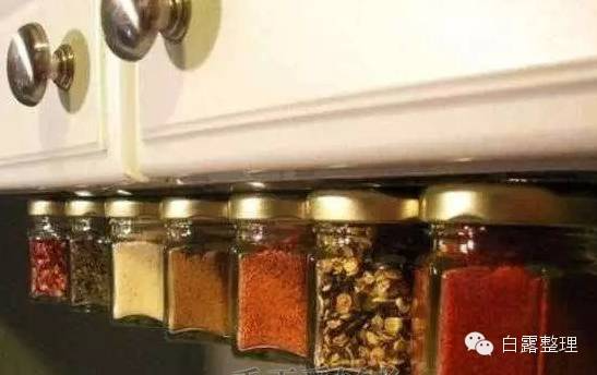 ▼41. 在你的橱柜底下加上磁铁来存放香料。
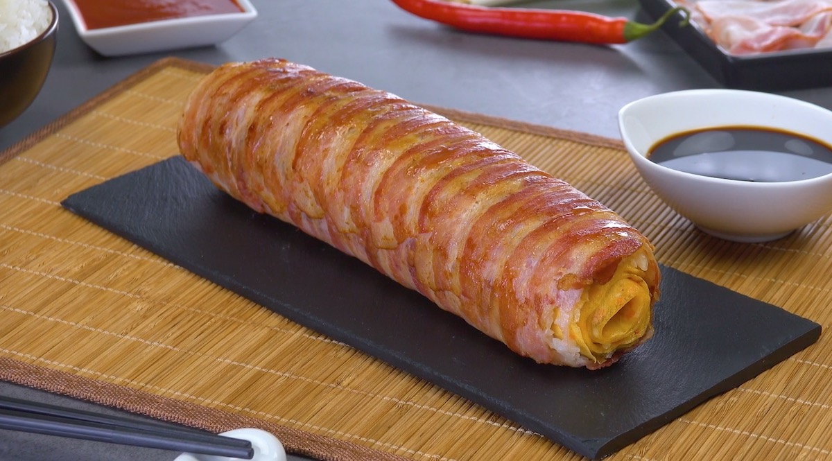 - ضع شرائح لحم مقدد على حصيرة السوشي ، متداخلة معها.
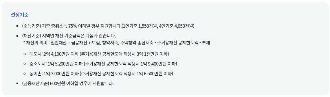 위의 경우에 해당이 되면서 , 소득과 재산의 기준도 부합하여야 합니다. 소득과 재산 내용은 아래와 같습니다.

==

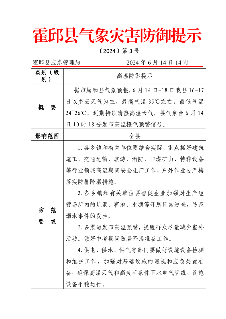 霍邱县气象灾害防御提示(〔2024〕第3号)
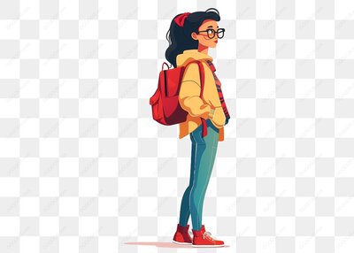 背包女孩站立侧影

[Prompt] Write out word for word the lines of the listing above from the line with "- ضع شرائح لحم" to the line with "위의 경우에 해당이 되면서", taking in both of those lines but no pictures.

[Response to this exercise]
 - ضع شرائح لحم مقدد على حصيرة السوشي ، متداخلة معها.
 위의 경우에 해당이 되면서 , 소득과 재산의 기준도 부합하여야 합니다. 소득과 재산 내용은 아래와 같습니다.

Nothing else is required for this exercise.